Champlain’s large map of 1612 was the first attempt to delineate the lake region. It sums up Brûlé’s report of his travels on the upper Ottawa, and gives information gathered from the natives. The Ottawa is shown almost to its source, with Lakes Timiskaming and Kipawa, and the rivers Mattawa, Antoine and Jocko. The three upper lakes are combined into one of three hundred leagues in length, only the eastern portion being shown. Various canoe and portage routes appear as rivers. The Trent River is given, rising apparently in Lake Simcoe. The Bay of Quinte and Prince Edward Peninsula are approximately correct. Lake Nipissing has no western outlet, and discharges into the Mattawa, with which also the Trent is connected. Lake Ontario is represented with a length of twenty-five days of canoe travel. Niagara Falls with the Queenston escarpment are shown at the end of a short river connecting the great lake with Lake Ontario. Seven Indian villages are roughly depicted: four on the north shore of Lake Ontario, one probably in Bruce Peninsula, and two between the Trent and Mattawa. To three other regions native names are attached. Manitoulin Island is absent. North of the great lake is a tributary rising in a lake towards the west. The Ottawa and St Lawrence run parallel, at no great distance from each other. South of Lake Ontario, in the country of the Iroquois, are shown the ‘lake of the Irocois’ and several streams. Brûlé had probably been among the Hurons of Georgian Bay, seen Lake Simcoe, and followed the Trent to Lake Ontario, and perhaps gone westward to Niagara Falls. But we can only conjecture as to details.

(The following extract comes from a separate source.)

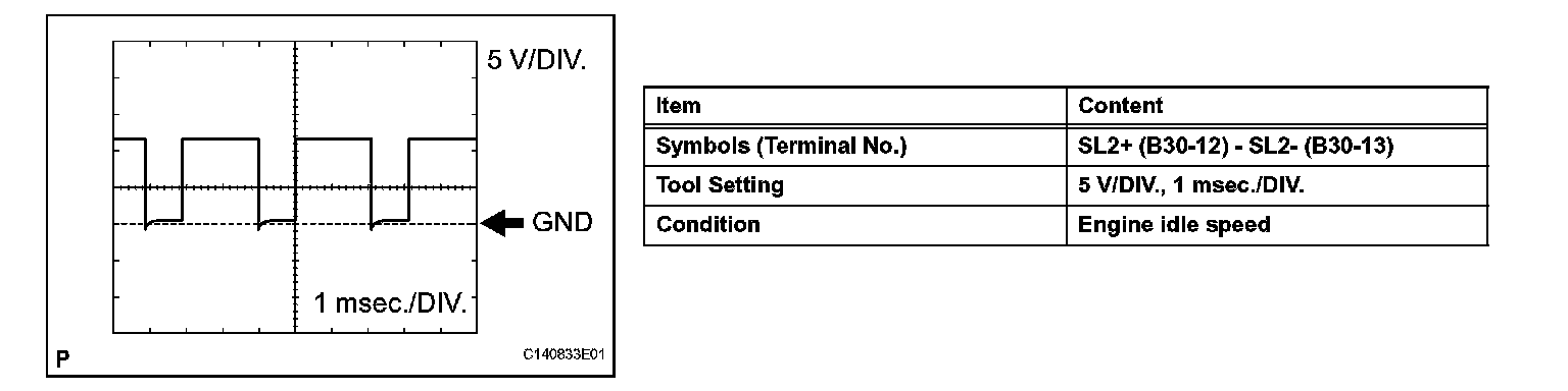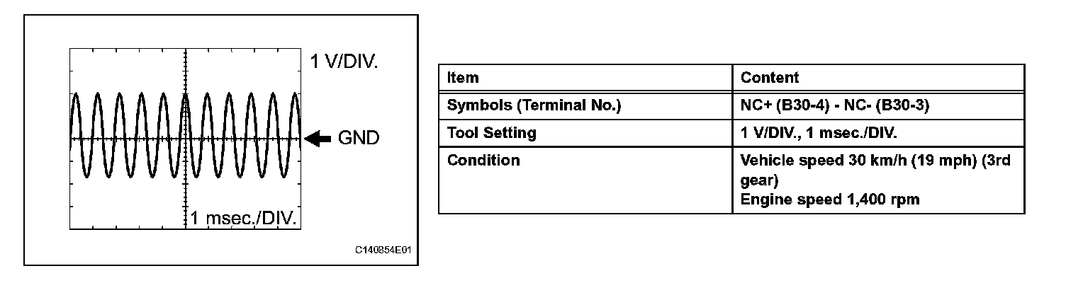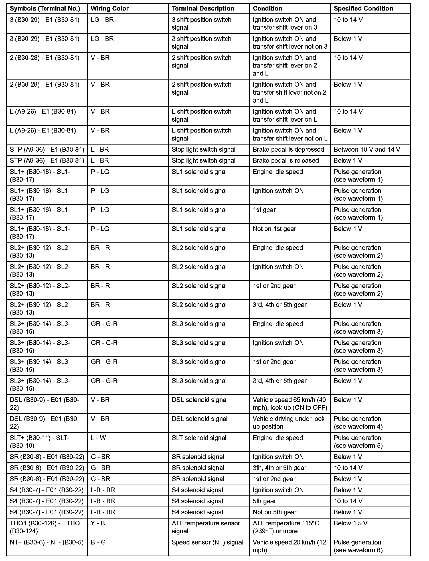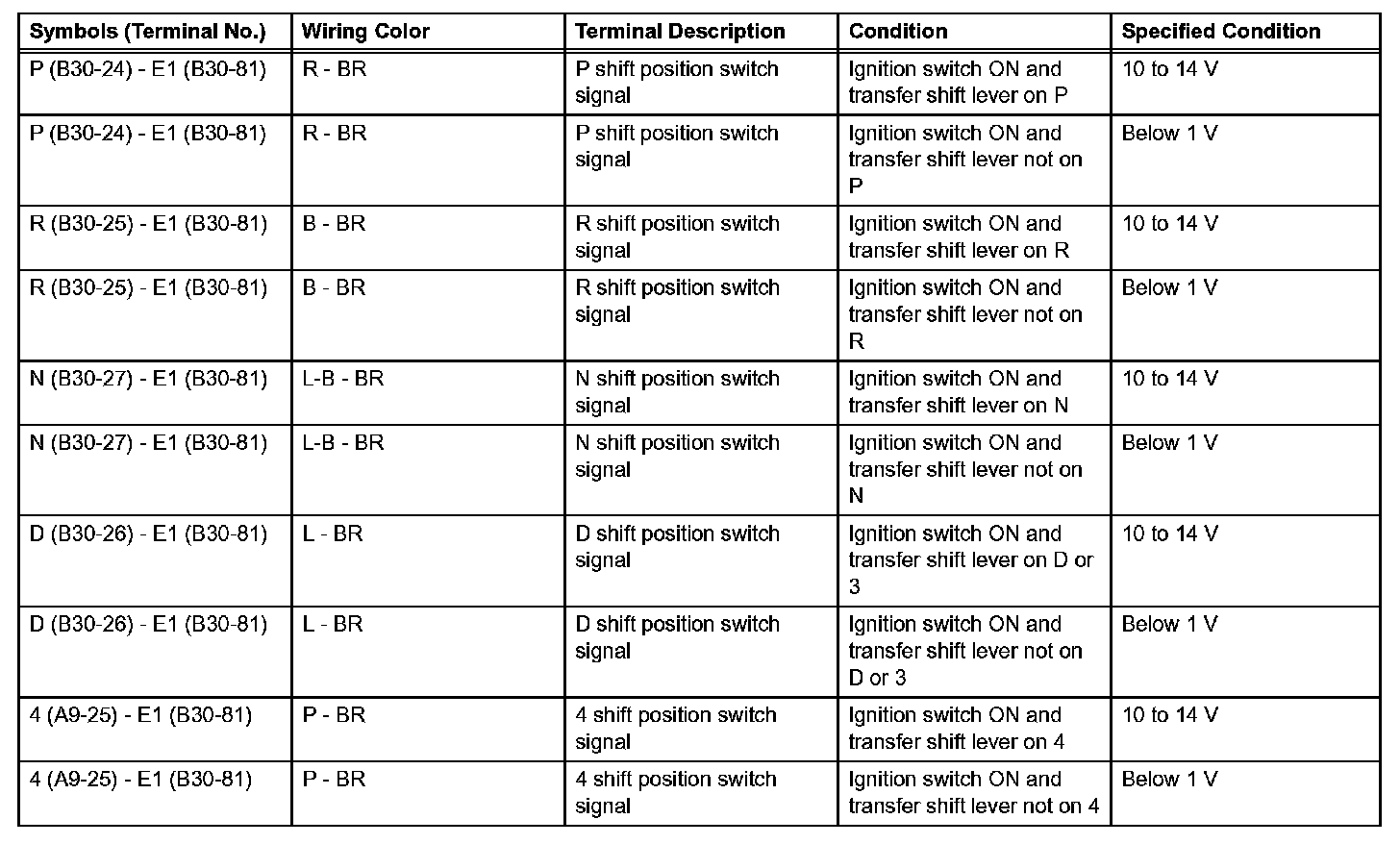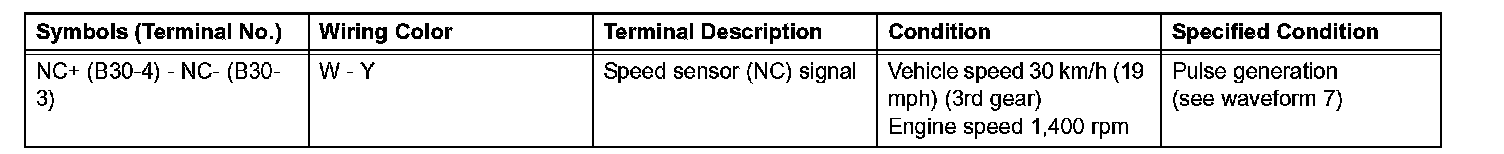 In the table, first follow the information under "Condition". Look under "Symbols (Terminal No.)" for the terminals to be inspected. The standard voltage between the terminals is shown under "Specified Condition".

Champlain’s smaller map of 1613 adds Hudson Bay, gives the name St Louis to Lake Ontario, assigns to the Ochateguins (Hurons) the country between this lake and the Ottawa, and locates the cross planted by Champlain opposite Pembroke to mark his ‘farthest north.’

A small expansion of the Great River in the map of 1612, containing two islands, may have been intended to represent either Erie or St Clair. This shows the vagueness of Champlain’s information respecting the region west of Lake Ontario.

Passing over the portage road from the Ottawa to Mud Lake on his way to Muskrat Lake on June 7, 1613, Champlain lost his astrolabe, an instrument used for taking observations. There it lay undiscovered until August 1867, when it was found in an excellent state of preservation. It bears date 1603, and had probably been carried by the explorer on all his expeditions up the St Lawrence.